In der Abfahrt schüttelte Breukink seinen Begleiter aber ab, und trotz verzweifelter Bemühungen konnte Hampsten das Loch nicht wieder ganz schließen. Der Niederländer – im Jahr zuvor bereits Dritter des Giro – gewann die Etappe im Regen von Bormio mit sieben Sekunden Vorsprung. Doch der zweite Platz mit diesem Abstand genügte Hampsten zur Übernahme des Rosa Trikots. Denn Chioccioli erreichte das Ziel mit gut fünf Minuten Rückstand, wenige Sekunden vor ihm war die erste Verfolgergruppe mit Marco Giovanetti, Urs Zimmermann und Flavio Giupponi angekommen.

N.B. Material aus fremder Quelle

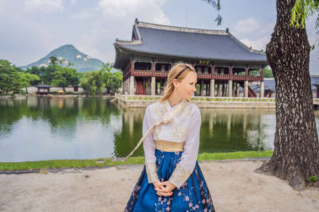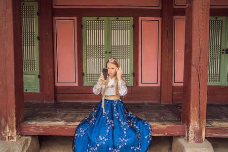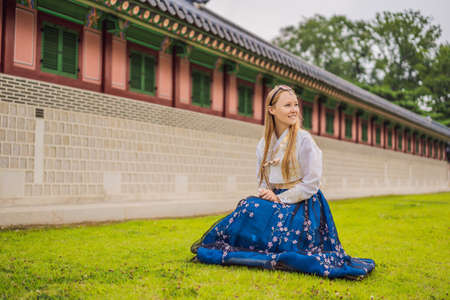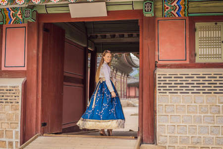 Young caucasian female tourist in hanbok national korean dress at Korean palace. Travel to Korea concept. National Korean clothing. Entertainment for tourists - trying on national Korean clothing

Pedro Delgado büßte gar 7 Minuten ein und somit alle Chancen, die Italienrundfahrt bei seiner bis dahin einzigen Teilnahme zu gewinnen. Sogar fast 10 Minuten bekam Jean-Francois Bernard aufgebrummt. In den folgenden Tagen baute Hampsten seinen Vorsprung sukzessive aus, sodass ihm der stärkere Zeitfahrer Breukink auch im letzten Kampf gegen die Uhr den Gesamtsieg nicht mehr streitig machen konnte und Zweiter wurde. /p>
Den Grundstein dafür hatten beide mit ihrer Leidensfähigkeit am Gavia und noch mehr in dessen Abfahrt gelegt. Selbst bei den Interviews nach der Siegerehrung war ein Zittern in beider Stimmen unüberhörbar. Auch wenn sich Hampsten ein Lächeln abrang über das Rosa Trikot - das berühmte Funkeln in seinen Augen war noch längst nicht zurückgekehrt. Als er ein paar Worte mit Breukink wechselte, war dieser Satz von seinen Lippen abzulesen: "What a day.“
Doch die Gewinner des Tages kamen wohl noch am glimpflichsten davon. Im Zielbereich schaffte es kaum einer der durchtrainierten Profis, ohne Hilfe vom Rad zu steigen. Die meisten von ihnen humpelten davon, gestützt von Soigneuren und Mechanikern, viele hatten Tränen im Gesicht – von schockartigen Zuständen war die Rede. Ein Gewiss-Profi drohte zu kollabieren und musste von einem Betreuer ins Warme gezogen werden. Noch schlimmer ging es Bob Roll. Ein Betreuer seines 7-Eleven-Teams nahm den in die Ohnmacht weggleitenden US-Amerikaner von hinten in den Klammergriff und rubbelte mit aller Gewalt dessen Oberkörper, um den Kreislaufzusammenbruch abzuwenden. Dann wurde Roll in eine Ambulanz getragen.
Ob Hampsten den Giro auch ohne dieses Inferno gewonnen hätte, ist Spekulation. Immerhin hatte er bereits vor der Etappe auf Rang fünf gelegen, nur 1:18 Minuten hinter Chioccoli. Außerdem hatte Hampsten die Bergankunft in Selvino (12. Etappe) gewonnen. Im Nachgang wird der kluge US-Amerikaner aber auch einordnen können, dass dieser Rennverlauf seinen Ruf nachhaltig geprägt und ihn zur Radsport-Legende gemacht hat. Kurioserweise sind heute noch die ersten Namen, die genannt werden, wenn es um den Tag geht, „an dem die großen Männer weinten“: Andy Hampsten und Johan van der Velde. Erst dann folgt Erik Breukink, der Etappensieger.
Dieser 5. Juni 1988 hatte aber auch ganz konkrete und sogar positive Folgen. Seither sind die Organisatoren deutlich schneller bereit, ein Rennen wegen drohender Wettereskapaden abzusagen oder zu verkürzen.